Nous avons constaté une aggravation de la psychopathologie des étudiants qui ont sollicité le BAPU ces derniers mois. Pour reprendre l’idée du début de notre intervention, ce dispositif pour un laps de temps limité a permis un traitement de l’urgence subjective et d’inviter l’étudiant à se positionner dans son dire par rapport à cette urgence. La complexité des problématiques psychiques ne permet pas de prévoir à coup sûr la durée ni la fin du traitement. Donc, dans ce dispositif, il s’agit aussi d’un traitement de réduction, de serrage, un bricolage tout en tenant compte la temporalité subjective.

Il s’agit d’un « traitement psychanalytique » avec des « effets rapides » pour ainsi capter les signifiants maîtres de notre époque.
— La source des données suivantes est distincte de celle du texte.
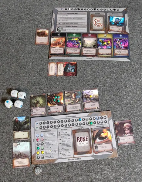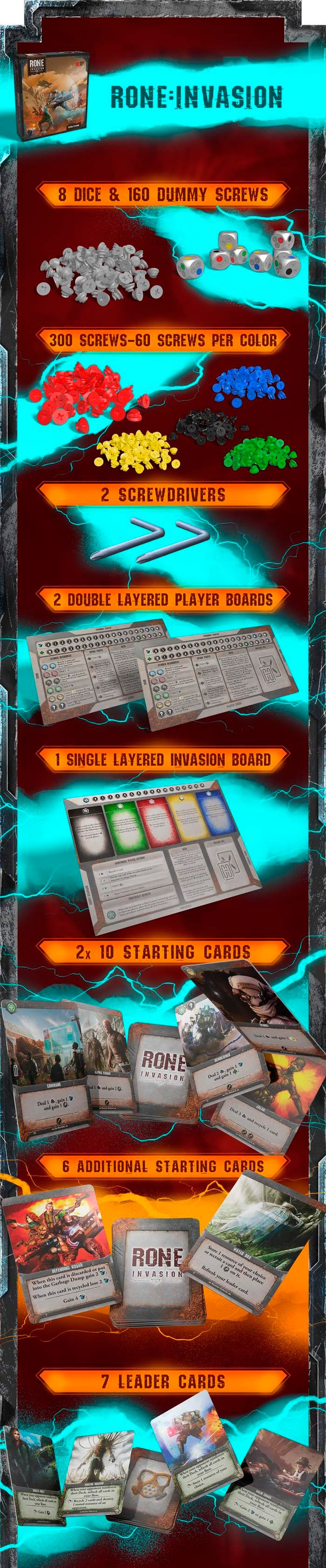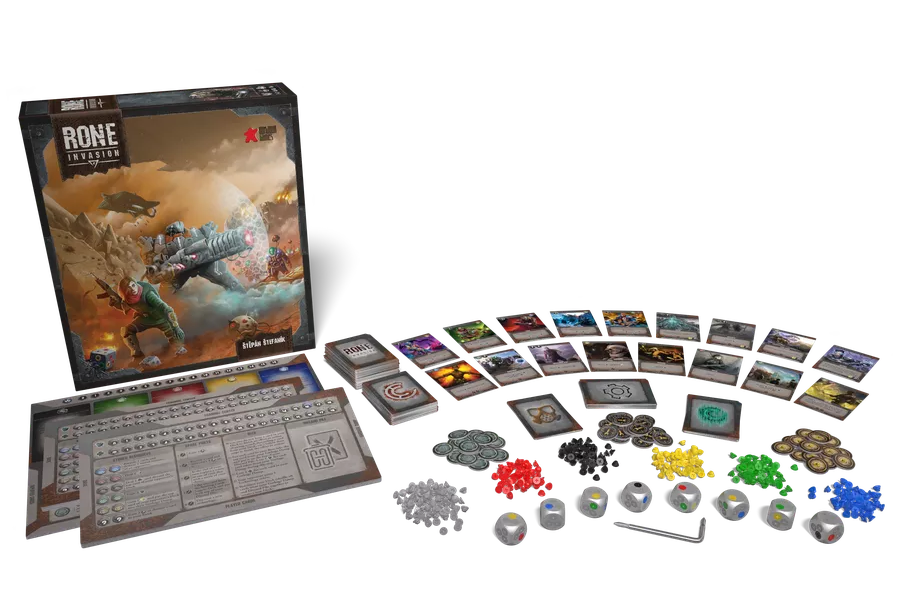 RONE: Invasion is a strategic post-apocalyptic deck and dice building game for 1 or 2 players (expandable to 1 to 4) and features unique dice that can be customized during the game.

Ce bricolage du temps logique [4], [6] qui se fait au cas par cas permet de capitonner un sens apaisant, de boucler un cycle, et cela peut suffire, ou alors le symptôme devient un symptôme analytique dans le transfert et cela permet une entrée dans un travail analytique.
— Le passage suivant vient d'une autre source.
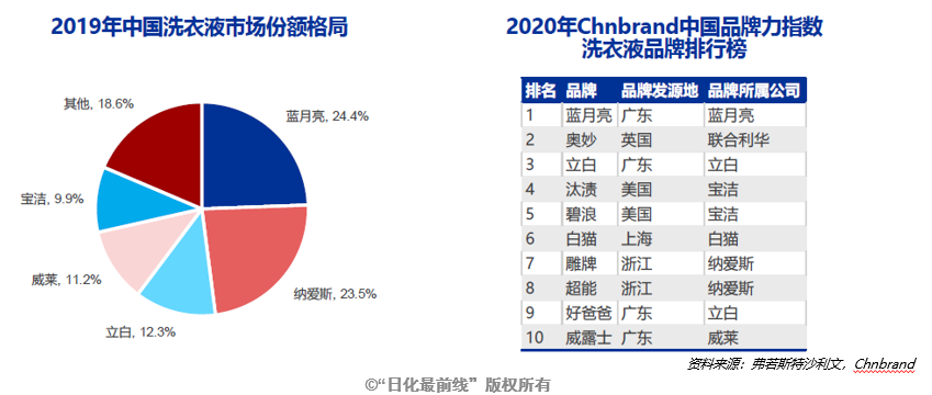 2019年洗衣液TOP5品牌占比達81.4%,藍月亮以24.4%的占比排名第一,納愛斯(旗下品牌雕牌、超能等)和立白緊隨其后。Chnbrand中國品牌力指數(shù)洗衣液品牌排行榜顯示,2020年藍月亮穩(wěn)居榜首;其次為奧妙和立白。

Parfois ça fonctionne et parfois ça ne prend pas et ça rate.

6. Conclusion

Les difficultés de Madame A. nous ont paru exemplaires de l’impact du confinement sur les étudiants.

Sur le plan relationnel : l’isolement par rapport aux pairs, et/ou le huis clos familial, pour Madame A : les deux. Sur le plan académique : le stage qui ne peut pas se faire, le mémoire qui ne peut être rendu, le redoublement du M2.
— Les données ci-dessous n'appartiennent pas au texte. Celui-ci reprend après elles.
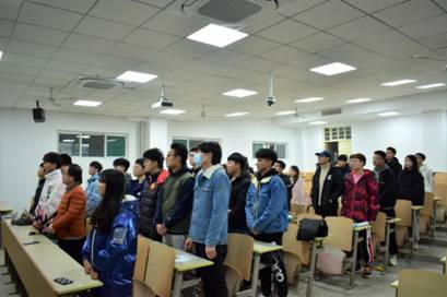 活动伊始,全体成员起立一同歌唱中国共青团团歌,烘托团课学习氛围。

L’équilibre narcissico-objectal, en pleine reconstruction à cette période de la vie est ainsi mis à l’épreuve sur ses deux versants, ce qui provoque une recrudescence des manifestations psychopathologiques ; mais peut aussi entraîner une fragilisation identitaire à long terme.

L’image du trapéziste, que le psychanalyste Paul Denis évoquait lui à propos de l’adolescence, semble aussi très pertinente pour le jeune adulte. Il est comme un trapéziste qui doit lâcher le trapèze sur lequel il s’appuie depuis le début de sa vie, et se lancer dans le vide pour saisir l’autre trapèze qui vient vers lui : de nouvelles relations, des études, un métier, qui permettent la construction de son nouvel équilibre et de son identité. Pour beaucoup d’étudiants pendant la pandémie, ce trapèze des rencontres, des réalisations, est resté virtuel ou s’est dérobé. Certains ont pu se rattraper au trapèze familial, ou s’appuyer sur leurs ressources internes. Mais les plus fragiles, les plus isolés, se sont retrouvés dans le vide, expérience qui les a encore plus fragilisés, d’où cette aggravation des problématiques dont nous avons été les témoins dans les lieux de soins et qu’illustre notre vignette clinique.

Déclaration de liens d’intérêts

Les auteurs déclarent ne pas avoir de liens d’intérêts.